# ACTION ITEM
This exercise calls for retyping every line below exactly, with the images omitted.

# INFORMATION PROVIDED
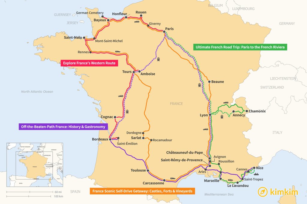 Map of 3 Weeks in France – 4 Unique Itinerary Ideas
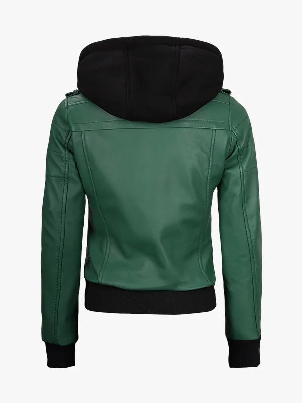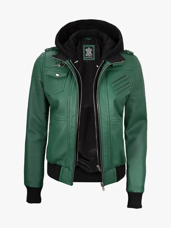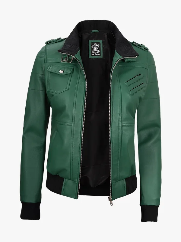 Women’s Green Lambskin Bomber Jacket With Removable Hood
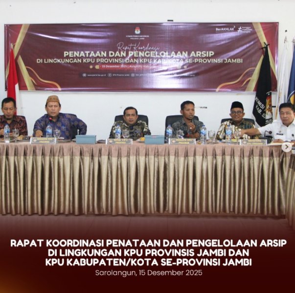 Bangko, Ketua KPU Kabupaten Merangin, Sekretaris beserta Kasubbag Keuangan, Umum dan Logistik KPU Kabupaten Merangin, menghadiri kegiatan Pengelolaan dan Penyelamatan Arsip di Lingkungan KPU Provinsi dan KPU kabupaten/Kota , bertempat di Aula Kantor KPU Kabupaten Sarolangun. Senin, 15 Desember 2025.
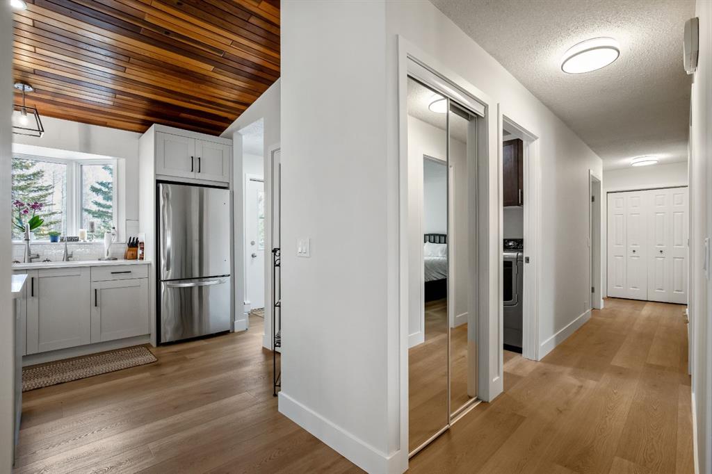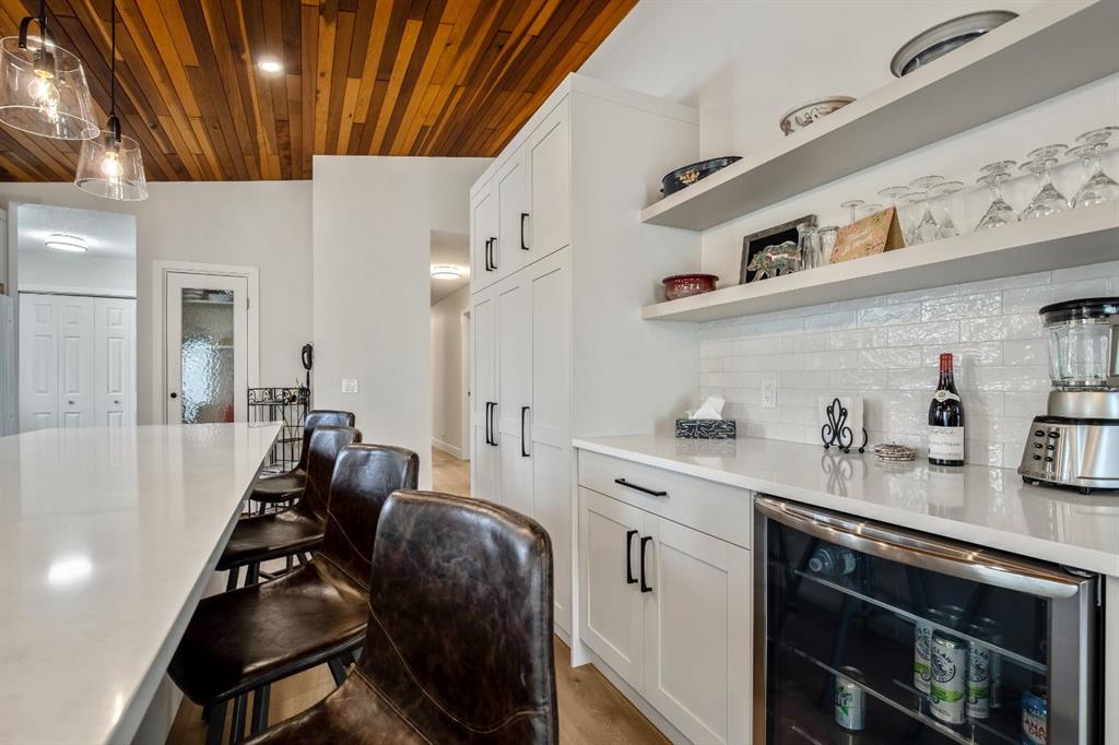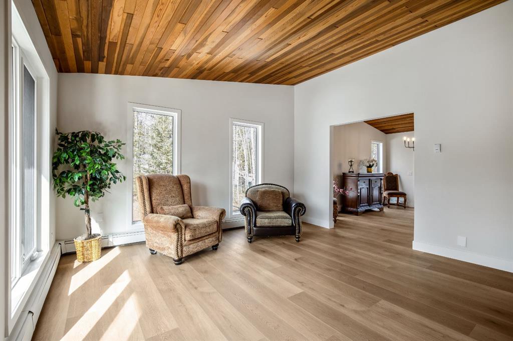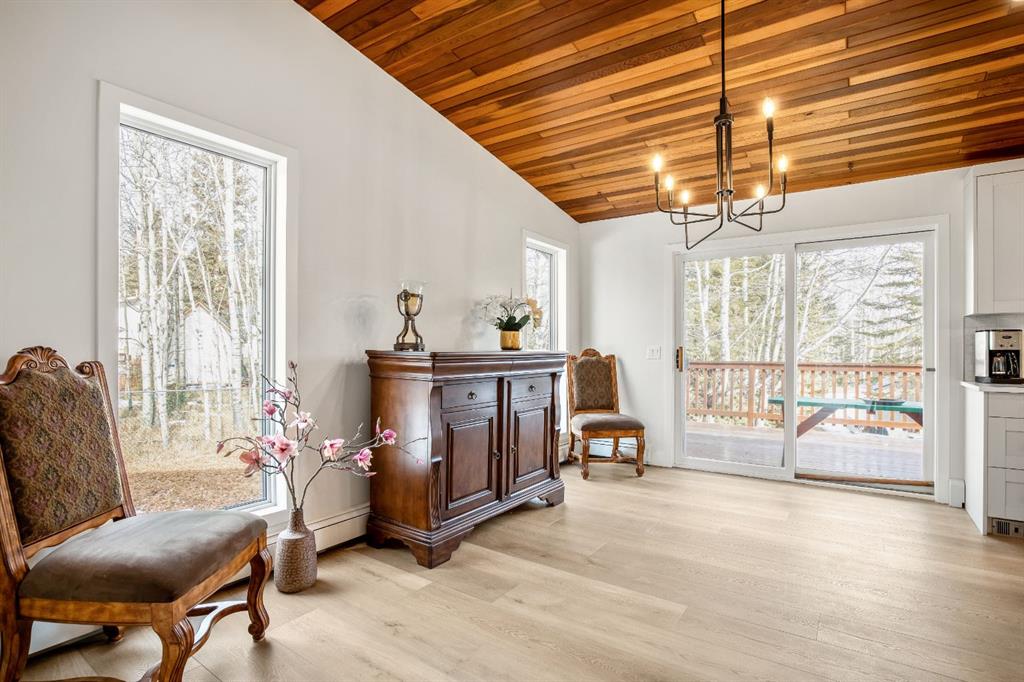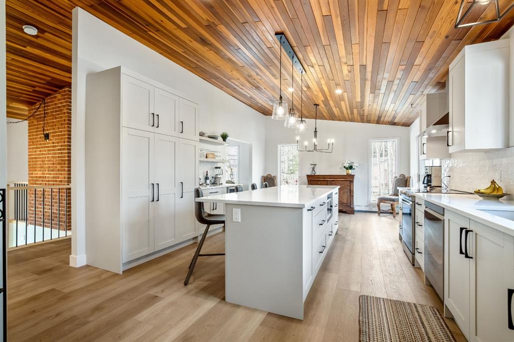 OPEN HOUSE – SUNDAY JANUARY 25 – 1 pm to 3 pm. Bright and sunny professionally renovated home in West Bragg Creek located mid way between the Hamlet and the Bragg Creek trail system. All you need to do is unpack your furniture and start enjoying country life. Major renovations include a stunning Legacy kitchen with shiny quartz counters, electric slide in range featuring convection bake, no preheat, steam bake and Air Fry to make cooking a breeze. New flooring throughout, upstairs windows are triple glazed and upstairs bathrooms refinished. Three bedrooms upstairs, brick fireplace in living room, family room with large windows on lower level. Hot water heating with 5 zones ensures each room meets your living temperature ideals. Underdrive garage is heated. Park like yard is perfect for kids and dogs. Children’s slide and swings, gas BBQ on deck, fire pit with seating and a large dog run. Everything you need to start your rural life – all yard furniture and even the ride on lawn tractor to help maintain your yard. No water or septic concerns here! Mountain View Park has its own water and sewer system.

# RESPONSE
 Map of 3 Weeks in France – 4 Unique Itinerary Ideas
 Women’s Green Lambskin Bomber Jacket With Removable Hood
 Bangko, Ketua KPU Kabupaten Merangin, Sekretaris beserta Kasubbag Keuangan, Umum dan Logistik KPU Kabupaten Merangin, menghadiri kegiatan Pengelolaan dan Penyelamatan Arsip di Lingkungan KPU Provinsi dan KPU kabupaten/Kota , bertempat di Aula Kantor KPU Kabupaten Sarolangun. Senin, 15 Desember 2025.
 OPEN HOUSE – SUNDAY JANUARY 25 – 1 pm to 3 pm. Bright and sunny professionally renovated home in West Bragg Creek located mid way between the Hamlet and the Bragg Creek trail system. All you need to do is unpack your furniture and start enjoying country life. Major renovations include a stunning Legacy kitchen with shiny quartz counters, electric slide in range featuring convection bake, no preheat, steam bake and Air Fry to make cooking a breeze. New flooring throughout, upstairs windows are triple glazed and upstairs bathrooms refinished. Three bedrooms upstairs, brick fireplace in living room, family room with large windows on lower level. Hot water heating with 5 zones ensures each room meets your living temperature ideals. Underdrive garage is heated. Park like yard is perfect for kids and dogs. Children’s slide and swings, gas BBQ on deck, fire pit with seating and a large dog run. Everything you need to start your rural life – all yard furniture and even the ride on lawn tractor to help maintain your yard. No water or septic concerns here! Mountain View Park has its own water and sewer system.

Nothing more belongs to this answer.